The Hero of Israel

The Hero of Israel August 25, 2015

Most studies of the divine warrior theme in the Old Testament are poetic or comparative. Charlie Trimm argues in “YHWH Fights for Them!” that these studies are too limited; brief poems need the enrichment and complexity of longer narrative treatments. His thorough, workmanlike monograph examines the theme in Exodus 1-15. That passage ends with one of the great divine warrior poems of the Bible, the Song of the Sea, but Trimm shows how that poem is the climax of a long narrative of Yahweh’s war.

He isolates divine warrior passages partly by looking for military terminology; even when Yahweh is not identified as a “mighty man” (gibbor) he might be carrying on a war by “striking” the Egyptians. Exodus 1-14 reveals that Yahweh uses the weapons of nature to carry on his war against Pharaoh, and he looks at the “psychological” effects of the divine warrior, especially the panic he strikes in his enemies.

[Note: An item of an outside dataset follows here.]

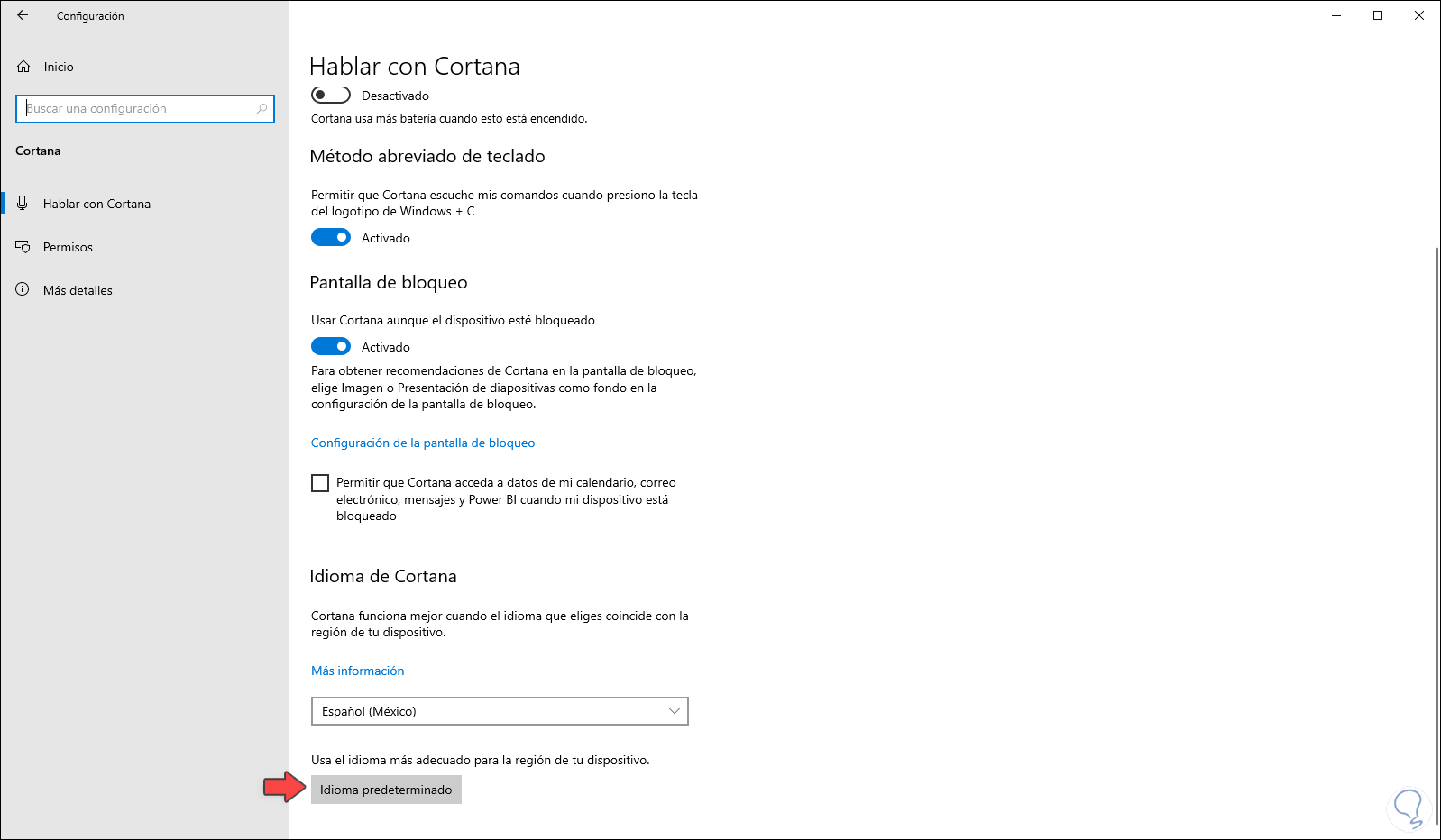 1. Cambiar idioma Cortana Windows 10 como Sistema

After setting out the main parameters of the motif, he runs through the narrative several times, highlighting in turn various “expansions” of the theme – a narrative expansion that gives the grounds for Yahweh’s war and shows how Yahweh separates Pharaoh from various members of his court; a “martial” expansion that examines the full range of cosmic weapons and psychological effects and includes the use of cosmic enemies against Egypt; a relational expansion that focuses on the complex relationship between Yahweh and Israel. Trimm’s final chapter gives an in-depth study of the controverted “hardening” of Pharaoh’s heart, within the context of the divine warrior theme.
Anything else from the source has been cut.